Buscando a Santiago Meléndez me encontré con Odón Val
El aforo de las sala era el habitual en la ciudad del cierzo hasta que el oscuro dejó a un guitarrista en la escena. Pero no un guitarrista cualquiera, un guitarrista que bebe del folclore argentino para destilarse en elegancia, exento de florituras, suave y preciso. Hernán Filippini tomó entre sus manos un bello instrumento, el de las seis cuerdas, y comenzó el show. Al fondo, rasgado por la luz, apareció un personaje muy parecido a Santiago Meléndez pero su acento y su actitud me confundieron tanto como la noche. El cautivo suspiro de amor de una bella espectadora despejó mis dudas. Odón Val, que visitó esta ciudad en carne mortal, regresaba a Zaragoza abierto en canal.

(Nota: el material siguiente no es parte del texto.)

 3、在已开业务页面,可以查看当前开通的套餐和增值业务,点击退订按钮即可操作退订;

Odón Val. Recordaba su nombre y su trayectoria. Heterodoxo cantante argentino de enorme éxito internacional. Un intérprete de sobrada capacidad vocal y suficiente cuajo artístico para enfrentarse a proyectos musicales tan diferentes como grabar en el estudio junto a los Chemical Brothers, o protagonizar en Broadway los grandes musicales de Andrew Lloyd Webber.

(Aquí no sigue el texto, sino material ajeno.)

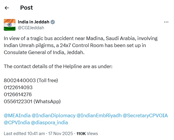 Nov 17, 2025 By News Desk विदेश सउदी अरब में सड़क हादसे में 42 भारतीय तीर्थ यात्रियों की मौत, हेल्पलाइन नंबर्स जारी पूरी खबर पढ़िए…सउदी अरब में सड़क हादसे में 42 भारतीय तीर्थ यात्रियों की मौत, हेल्पलाइन नंबर्स जारी

Su presencia era imponente, con esa arrogancia voluptuosa que da la fama y las lentejuelas. Una arrogancia que al público le encantó porque no hay nada más agradecido que mostrarse tal cual, sin trampa ni cartón, fuera los artificios y las falsas modestias y Odón Val, se lo puedo asegurar, es cualquier cosa menos modesto. El espectáculo no discurrió por los caminos que el cantante argentino había previsto: Inconvenientes con el decorado solventados a última hora por un auxiliar de sala, imperfecciones en el atrezzo, y poca integración en el espacio, tan reducido como sugerente y cercano. Así fue pasando la función, entre pequeños desastres que, sin formar parte del show, Odón los incorporó con la maestría de los grandes y provocó aplausos entusiastas y grandes carcajadas.

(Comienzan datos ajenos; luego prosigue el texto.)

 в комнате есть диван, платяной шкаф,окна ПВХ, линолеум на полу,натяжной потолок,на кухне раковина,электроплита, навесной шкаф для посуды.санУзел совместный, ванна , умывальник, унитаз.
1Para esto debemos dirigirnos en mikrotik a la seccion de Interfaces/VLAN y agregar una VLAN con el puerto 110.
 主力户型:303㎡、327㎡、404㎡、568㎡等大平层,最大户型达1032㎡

Las carcajadas siempre estuvieron presentes en la sala, desde la presentación inicial, un recitado a toda velocidad con aires de Nacha Guevara, hasta todo lo que vino después en forma de un Joselito por fados, la traducción despiadada de un hit monegasco-eurovisivo, y ese aroma vital que flotaba al estilo Albert Pla. Pero olviden las etiquetas que les sugiero porque Odón Val es capaz de sintetizar cualquier influencia y llevarla a su terreno, un cabaret ideado para triturar letras y músicas que a veces son de Brassens, Les Luthiers y hasta un coro que el guitarrista hizo en solitario para suplir a los cinco sudamericanos. Pero la cosa no paró aquí. Odón, crecido por la entrega incondicional del público, tomó entre sus manos un abanico, bajó el tono hasta el umbral sonoro de la Montiel y nos cantó un cuplé, la hilarante radiografía de una boda y hasta cedió por unos minutos, y eso fue el acabóse, el protagonismo vocal al guitarrista que añoró, ¡pobrecito mío! el pueblito que lo vio nacer.
Permanezcan atentos a los carteles, los periódicos y las redes sociales. Una actuación de Odón Val es garantía de humor inteligente. Bajo esa apariencia de cabaret cutre se esconde un enorme actor y a su lado, con mirada cómplice, el talento a raudales del guitarrista Hernán Filippini.